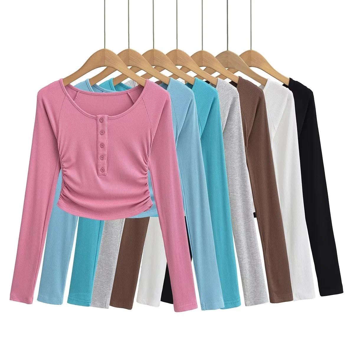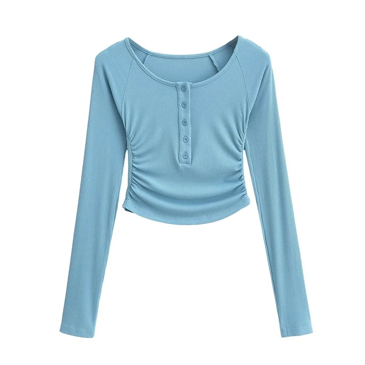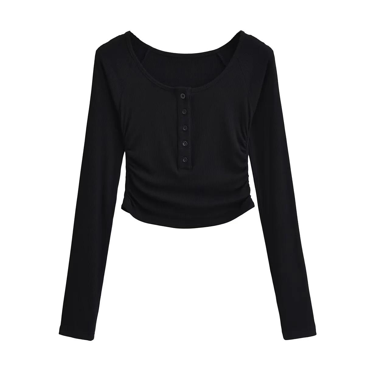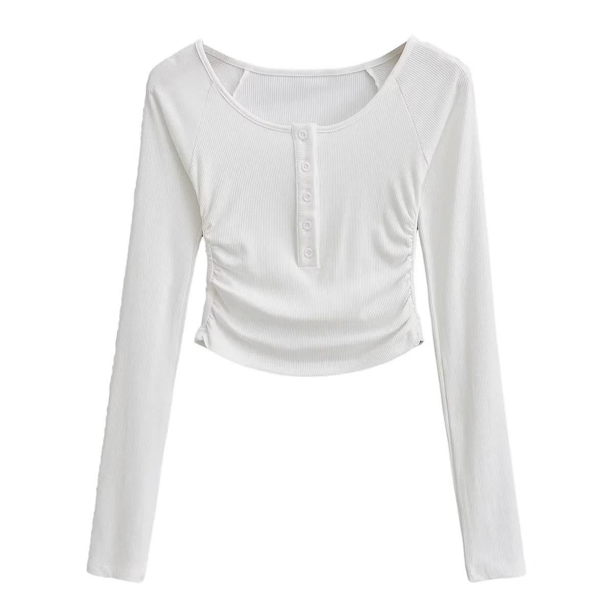 Camiseta de manga larga estilo Spice Girl estilo americano con cuello redondo y tapeta semiabierta de otoño, nueva camiseta ajustada con pliegues laterales.
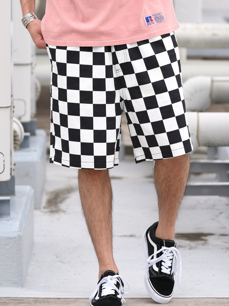 チェッカーフラッグのショーツがポイントのストリートコーデ
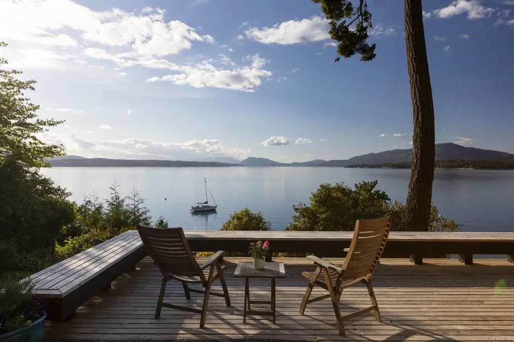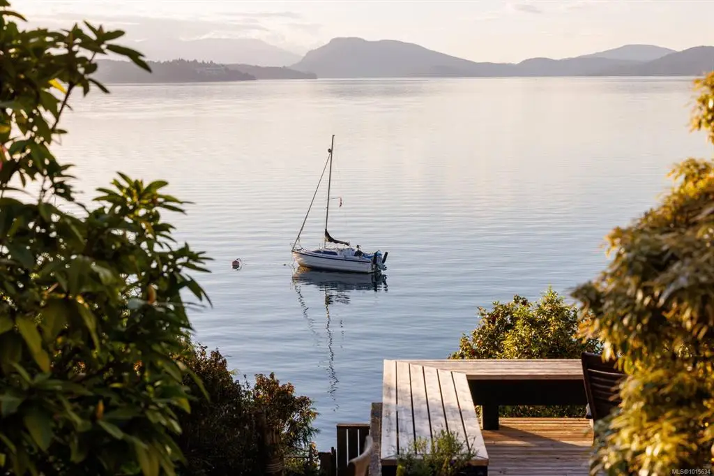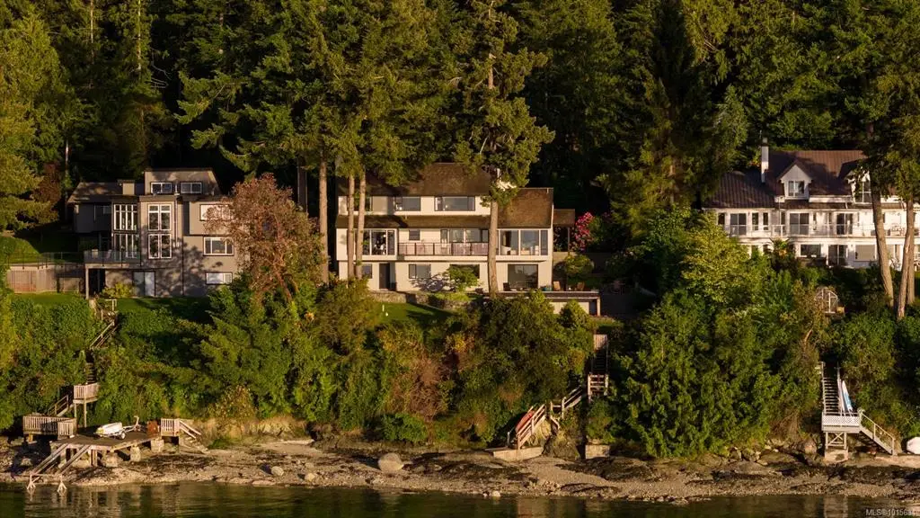 Exceptional waterfront home with breathtaking ocean views and private beach access! Situated on a beautifully landscaped 0.69-acre lot, this 3,109 sq.ft. residence is surrounded by mature greenery and a stunning natural shoreline—offering the perfect setting for an idyllic West Coast lifestyle. Designed to capture the views, the home features floor-to-ceiling windows, a spacious open-concept kitchen and living area ideal for entertaining, and a luxurious primary suite with a 6-piece ensuite and private sun deck. Step outside to enjoy tiered decks, patio space, and Western exposure that showcases incredible sunsets and vibrant coastal activity. A staircase leads directly to a sandy beach for true oceanfront living. Additional highlights include a self-contained 1-bedroom in-law suite with separate entrance. Located on the coveted west side of the Saanich Peninsula, this rare offering combines serene seaside living with easy access to nearby amenities.
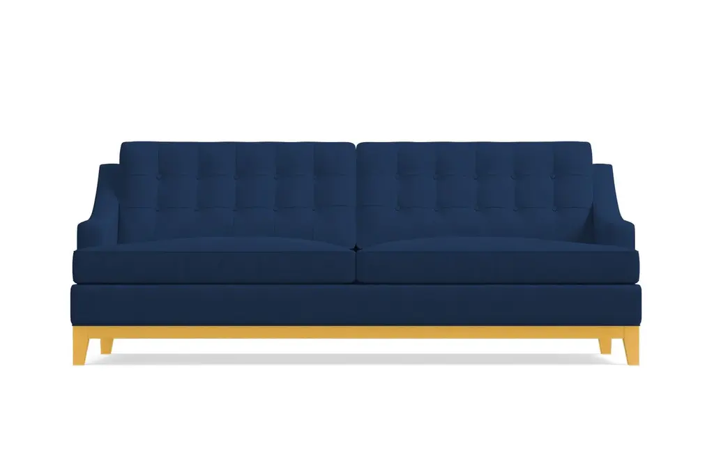 The Bannister Velvet Queen-Size sleeper sofa bed shows off your sophisticated style. Classic button tufting, clean lines and sumptuous velvet upholstery make this modern sofa perfect for transitional dŽcor. And the fold-out queen-size mattress adds versatility with an instant sleepover solution. Our midcentury-inspired velvet sleeper sofa bed adds depth to even the most minimalist interior design concept. Customize the Bannister with your choice of leg finish and a velvet hue that creates a bold pop of color or aligns with a neutral palette. The luxurious feel and easy care of our velvet Performance Fabrics stand out from the rest with surprising durability. Order up to 10 free velvet fabric swatches to help decide which one complements your sense of comfort and beauty. Choose the Deluxe Innerspring Mattress for your velvet queen-size sleeper sofa bed, or upgrade to Memory Foam. The Bannister is made in our Los Angeles facility with a solid wood frame, eco-friendly construction and 2.0-density foam seat cushions. Shipping is always free from Apt2B, and your satisfaction is always guaranteed!
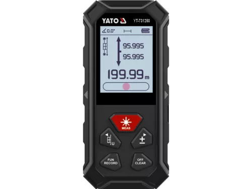 Kültéri mérésekhez a videóelőnézetet biztosító YT-73128 típusú készülékkel végzett mérésekhez ideális lehet. A készülék mindkét oldalról történő mérésre képes, ezzel megkönnyítve a helyiségek méreteinek gyors felmérését bármely irányból. A készülék a rögzített paraméterek és a beépített funkciók közép- vagy hosszabb távú feladatokhoz is hasznos eszköz lehet, legyen szó összetett feladatokról vagy egyszerű, gyors kiszámításokról.
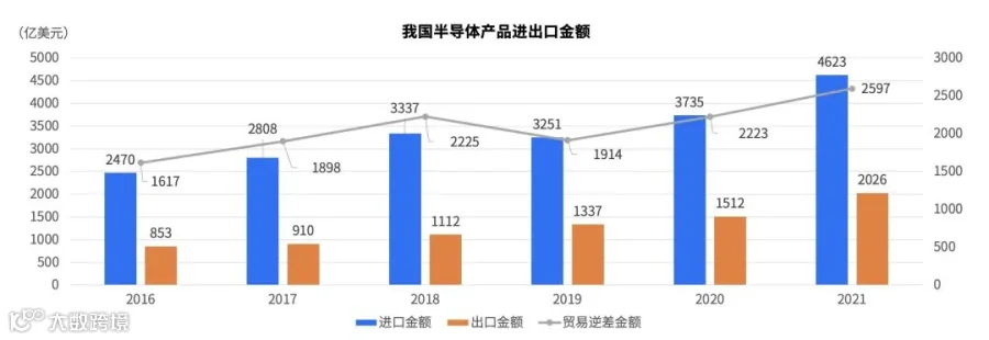 尽管我国芯片产业发展迅猛,但我国芯片供应量与需求量之间的差距过于悬殊,大量的芯片仍然需要通过进口获得。据海关总署统计,2021年我国半导体产品进口金额4623亿美元,出口仅为2026亿美元,进出口贸易差达高2597亿美元,较2020年的2223亿美元再度扩大。
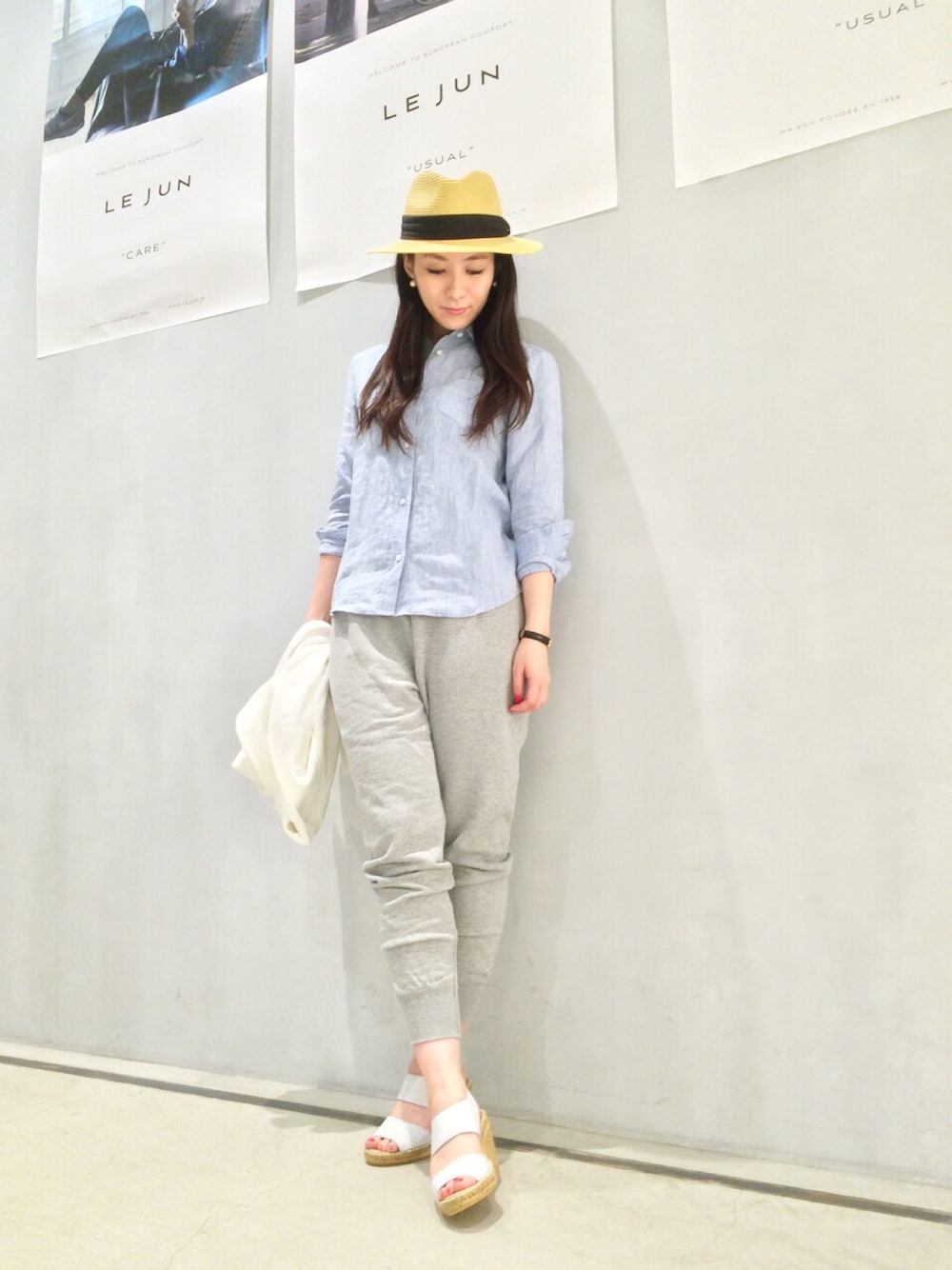 リネンシャツにスウェットパンツを合わせたリラックスコーデ。 カルザノールのサンダルで女性らしく。 夏まで使えるリネンシャツ、オススメです!

========================================================================

What you will do
Output each line of the records exactly. Any picture is skipped.

Exercise answer
 Camiseta de manga larga estilo Spice Girl estilo americano con cuello redondo y tapeta semiabierta de otoño, nueva camiseta ajustada con pliegues laterales.
 チェッカーフラッグのショーツがポイントのストリートコーデ
 Exceptional waterfront home with breathtaking ocean views and private beach access! Situated on a beautifully landscaped 0.69-acre lot, this 3,109 sq.ft. residence is surrounded by mature greenery and a stunning natural shoreline—offering the perfect setting for an idyllic West Coast lifestyle. Designed to capture the views, the home features floor-to-ceiling windows, a spacious open-concept kitchen and living area ideal for entertaining, and a luxurious primary suite with a 6-piece ensuite and private sun deck. Step outside to enjoy tiered decks, patio space, and Western exposure that showcases incredible sunsets and vibrant coastal activity. A staircase leads directly to a sandy beach for true oceanfront living. Additional highlights include a self-contained 1-bedroom in-law suite with separate entrance. Located on the coveted west side of the Saanich Peninsula, this rare offering combines serene seaside living with easy access to nearby amenities.
 The Bannister Velvet Queen-Size sleeper sofa bed shows off your sophisticated style. Classic button tufting, clean lines and sumptuous velvet upholstery make this modern sofa perfect for transitional dŽcor. And the fold-out queen-size mattress adds versatility with an instant sleepover solution. Our midcentury-inspired velvet sleeper sofa bed adds depth to even the most minimalist interior design concept. Customize the Bannister with your choice of leg finish and a velvet hue that creates a bold pop of color or aligns with a neutral palette. The luxurious feel and easy care of our velvet Performance Fabrics stand out from the rest with surprising durability. Order up to 10 free velvet fabric swatches to help decide which one complements your sense of comfort and beauty. Choose the Deluxe Innerspring Mattress for your velvet queen-size sleeper sofa bed, or upgrade to Memory Foam. The Bannister is made in our Los Angeles facility with a solid wood frame, eco-friendly construction and 2.0-density foam seat cushions. Shipping is always free from Apt2B, and your satisfaction is always guaranteed!
 Kültéri mérésekhez a videóelőnézetet biztosító YT-73128 típusú készülékkel végzett mérésekhez ideális lehet. A készülék mindkét oldalról történő mérésre képes, ezzel megkönnyítve a helyiségek méreteinek gyors felmérését bármely irányból. A készülék a rögzített paraméterek és a beépített funkciók közép- vagy hosszabb távú feladatokhoz is hasznos eszköz lehet, legyen szó összetett feladatokról vagy egyszerű, gyors kiszámításokról.
 尽管我国芯片产业发展迅猛,但我国芯片供应量与需求量之间的差距过于悬殊,大量的芯片仍然需要通过进口获得。据海关总署统计,2021年我国半导体产品进口金额4623亿美元,出口仅为2026亿美元,进出口贸易差达高2597亿美元,较2020年的2223亿美元再度扩大。
 リネンシャツにスウェットパンツを合わせたリラックスコーデ。 カルザノールのサンダルで女性らしく。 夏まで使えるリネンシャツ、オススメです!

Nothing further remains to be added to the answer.